Earlier today I was fooling around with a recurrence relation that I thought behaved peculiarly, namely $$ X_k=\frac{k}{X_{k-1}} \qquad k\geq 0 \\ X_0=1 $$ After plotting its first 100 terms, I noticed that it was essentially two "interwoven" square-root curves. I then tried squaring the terms to confirm that I got straight lines, which I roughly did (not exactly straight, but approaching straight) which implies that whatever my piecewise interwoven square-root closed-form may be, it was only the limit of the recurrence relation as $k\rightarrow\infty$. I toyed around trying to find the coefficient of $k$, eventually finding this approximation: $$ X_k:\approx\begin{cases} \sqrt{1+\frac{\pi}{2}k} & k\text{ even} \\ \sqrt{\frac{2}{\pi}k} & k\text{ odd} \end{cases} $$
This truly seems (by inspection) to be the best approximation I can make for $X_k$ in the hour I've been working on this, but I was wondering how I could go about proving this kind of relationship.
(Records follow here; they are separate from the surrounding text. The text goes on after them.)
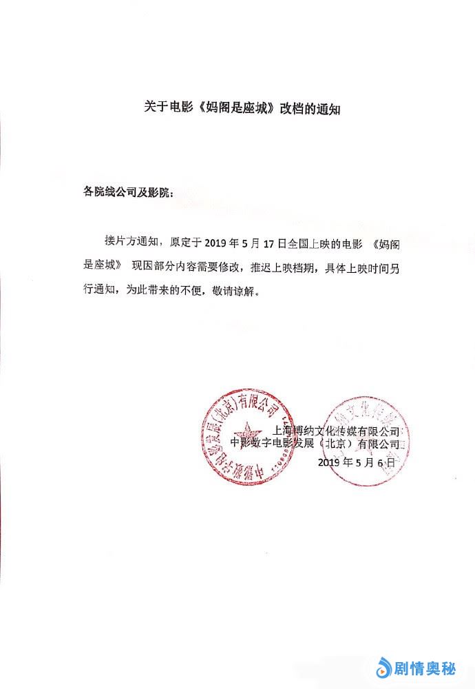 由李少红执导,白百何、吴刚、黄觉主演的影片《妈阁是座城》宣布推迟上映,影片原定于5月17日上映,撤档原因为“部分内容需要修改”。而何时会重新上线还没有准确的时间。
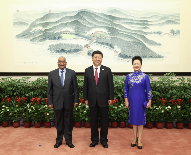 这是习近平和彭丽媛迎候南非总统祖马。新华社记者 庞兴雷 摄
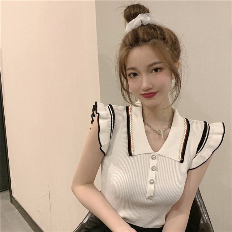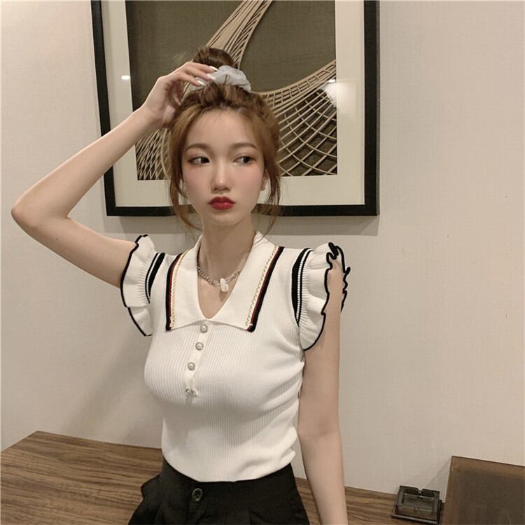 雰囲気のある佇まい スリム Vネック 薄手 デザインセンス ノースリーブ ポロシャツ カジュアル ニット
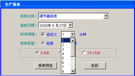 (7)報(bào)表:提供1~15分鐘;30分鐘;60分鐘;班報(bào)表;日?qǐng)?bào)表,提供打印功能。
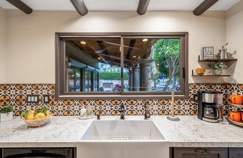 Prepare meals for friends or family in the beautifully designed, recently renovated kitchen with a rich Spanish tile backsplash, lots of storage space, a center island, plus a farmhouse sink with a window overlooking the back yard.
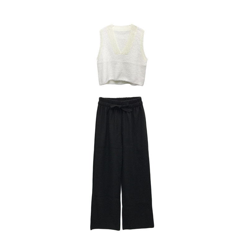 白色馬甲|粉卡色馬甲|卡其色褲子|黑色褲子
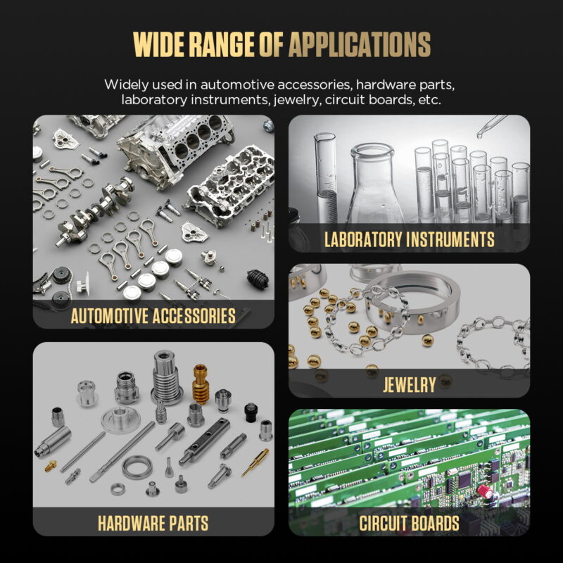 - Wide Application Range: It is suitable for various applications including automotive parts, hardware components, laboratory instruments, jewelry, circuit boards, and more.
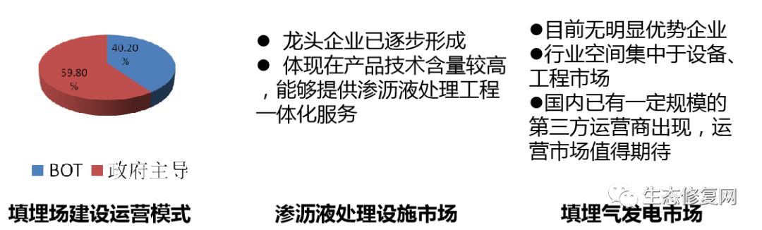 ? 填埋處理設施投資建設運營由政府主導逐步轉向市場化? 初步形成三大市場:垃圾填埋場建設與運營市場、垃圾填埋氣體利用市場、垃圾滲瀝液處理市場? 場地修復、生態(tài)景觀修復市場空間有待釋放
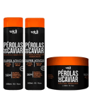 Kit com shampoo, condicionador e máscara capilar para cabelos danificados e ressecados. Widi Care Pérolas de Caviar hidrata e protege os fios.
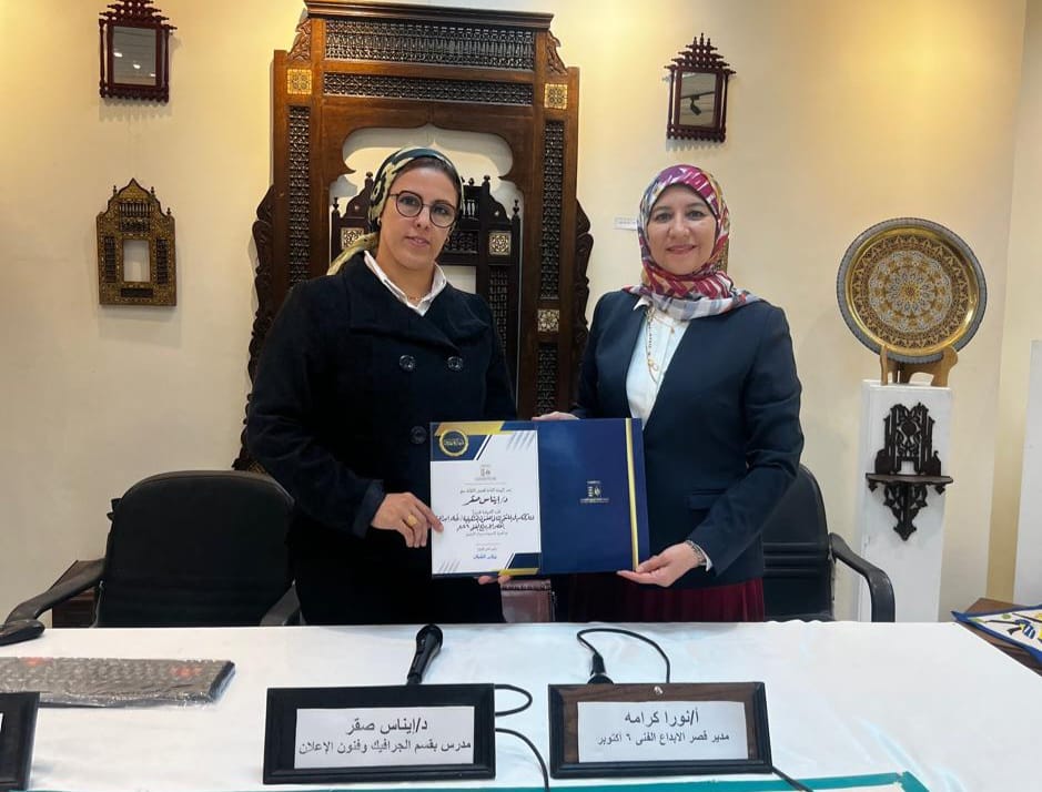 أدار اللقاء كل من نورا كرامة مدير قصر ثقافة الإبداع الفني، ونور حمدي، قومسير الملتقى، وشاركت به د. إيناس صقر، مدرس بقسم الجرافيك وفنون الإعلان، وذلك بحضور طالبات مدرسة الحي السابع الإعدادي والثانوي، ولفيف من الفنانين التشكيليين والمثقفين.
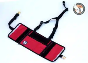 - Velcro tabs for attaching to harness are 6 inches apart, fits around straps up to 1.25 inches wide.
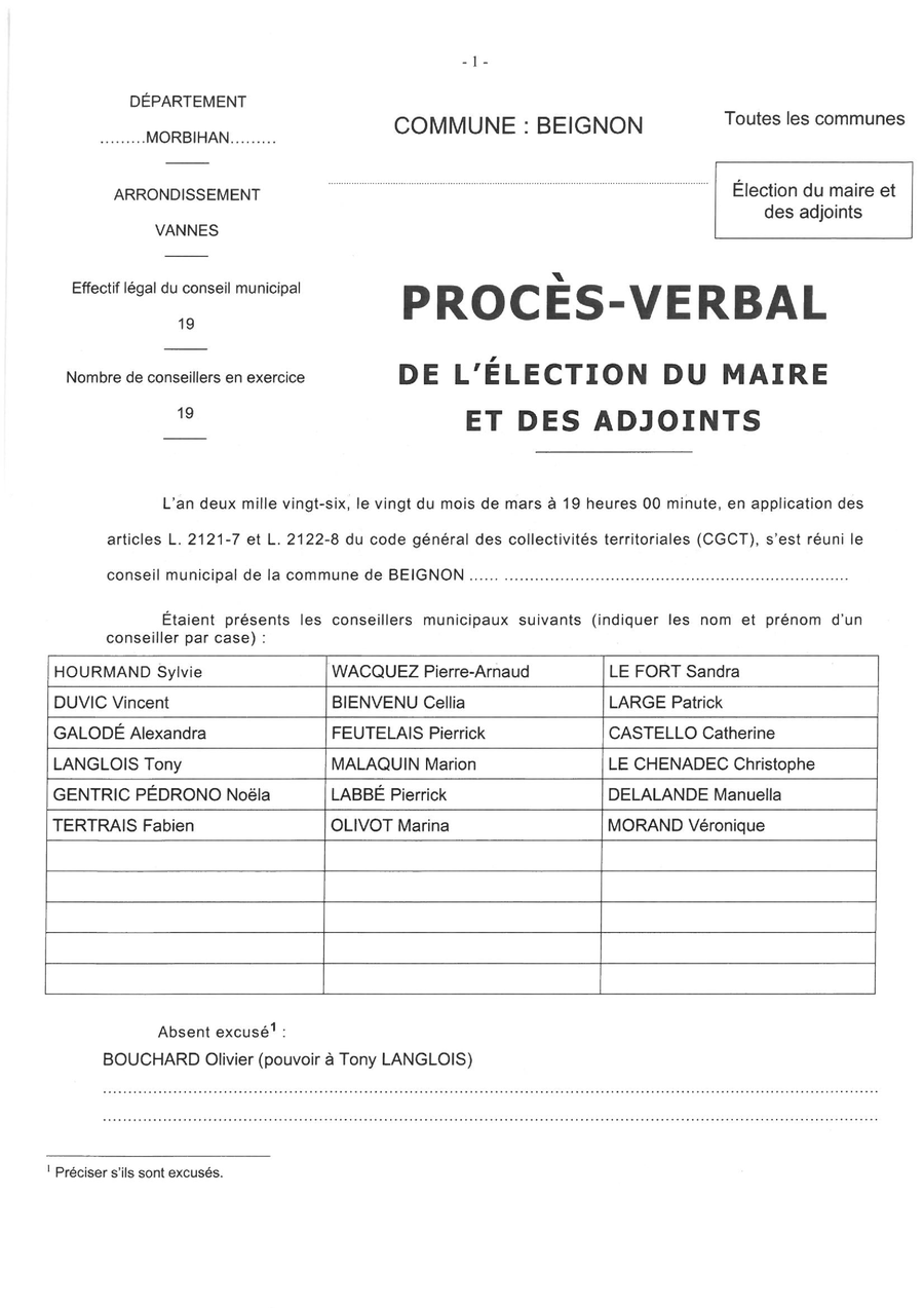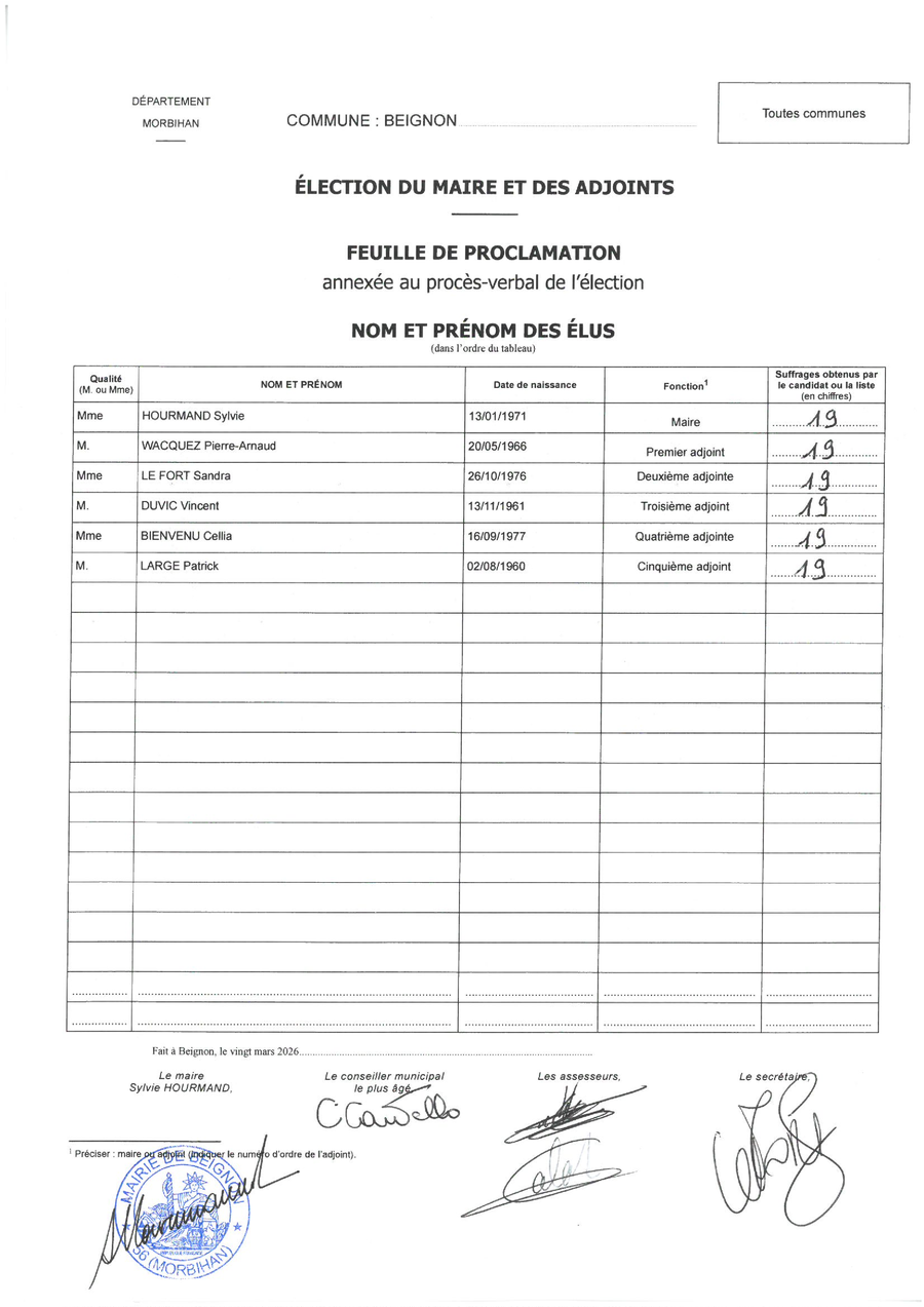Hier soir s'est tenue la séance d'installation du conseil municipal. Vous trouverez le PV ci-joint avec la feuille de proclamation des résultats.
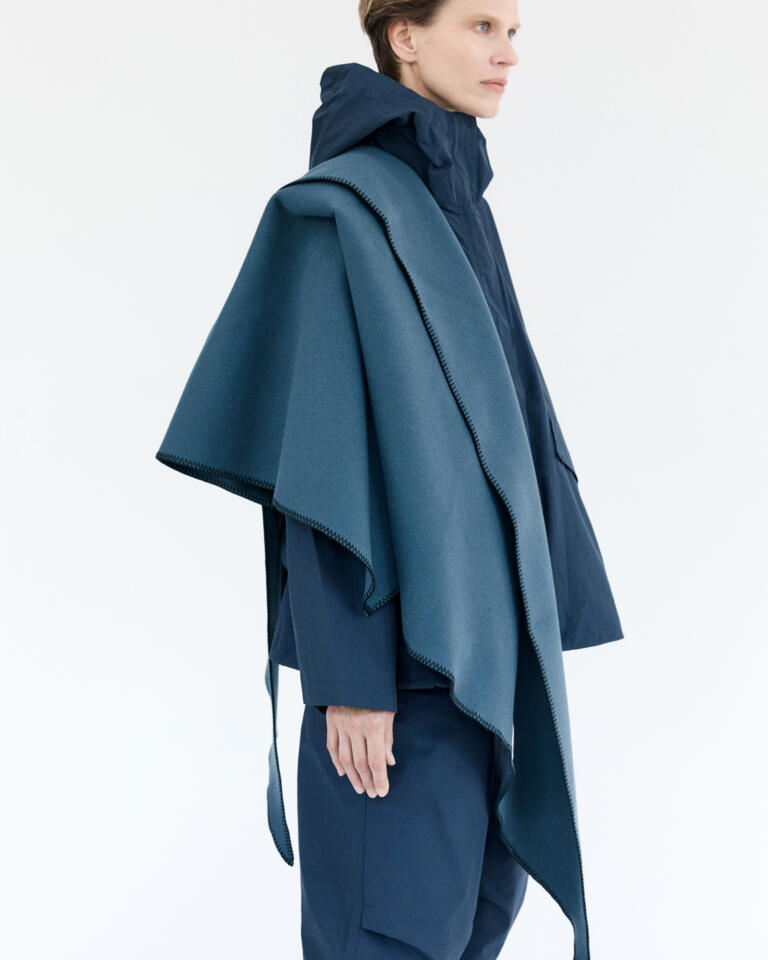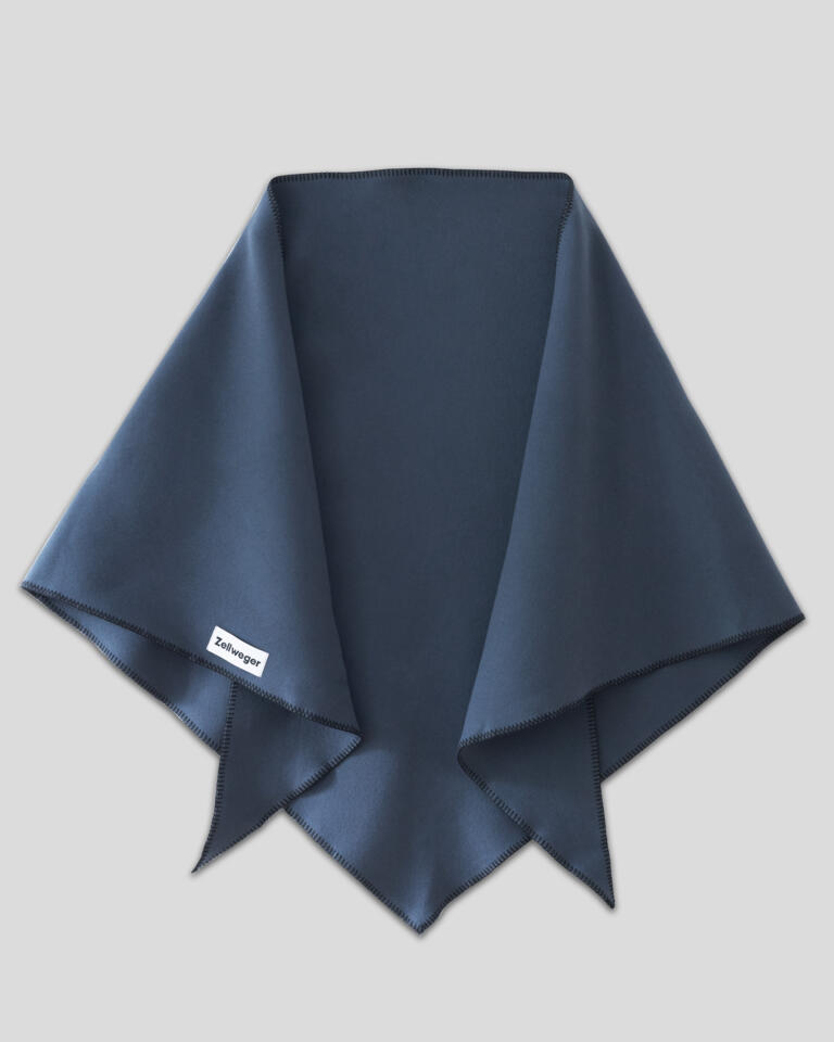 The Grand Wrap, an oversized version of our classic Wrap, offers perfect dimensions for wrapping around the neck or draping over the shoulder as a chic cape. Crafted from 100% cashmere in a sophisticated Dusk Blue, it features matching overlock stitching for added elegance and durability.

It's curious to me that pi gets involved at all, my only hypothesis so far is that some kind of inverse-trigonometric function is used somewhere in the proof.
We can solve that recurrence relation, let $ n\in\mathbb{N} $, and let $ k $ be a positive integer : \begin{aligned} X_{2k}=\frac{2k}{X_{2k-1}}&=\frac{2k}{2k-1}X_{2k-2}\\ \Longrightarrow\prod_{k=1}^{n}{\frac{X_{2k}}{X_{2k-2}}}&=\prod_{k=1}^{n}{\frac{2k}{2k-1}}\\ \iff \ \ \ \ \ \ \ \frac{X_{2n}}{X_{0}}&=\frac{2^{2n}}{\binom{2n}{n}}\end{aligned}
\begin{aligned} X_{2k+1}=\frac{2k+1}{X_{2k}}&=\frac{2k+1}{2k}X_{2k-1}\\ \Longrightarrow\prod_{k=1}^{n}{\frac{X_{2k+1}}{X_{2k-1}}}&=\prod_{k=1}^{n}{\frac{2k+1}{2k}}\\ \iff \ \ \ \ \frac{X_{2n+1}}{X_{1}}&=\frac{2n+1}{2^{2n}}\binom{2n}{n}\end{aligned}
Thus, $$ \left(\forall n\in\mathbb{N}\right),\ X_{n}=\left\lbrace\begin{aligned}\frac{2^{n}}{\binom{n}{\frac{n}{2}}} \ \ \ \ \ \ \ \ \ \ \ \ &\textrm{If }n\textrm{ is even} \\ \frac{n}{2^{n-1}}\binom{n-1}{\frac{n-1}{2}} \ \ \ \ &\textrm{If }n\textrm{ is odd}\end{aligned}\right. $$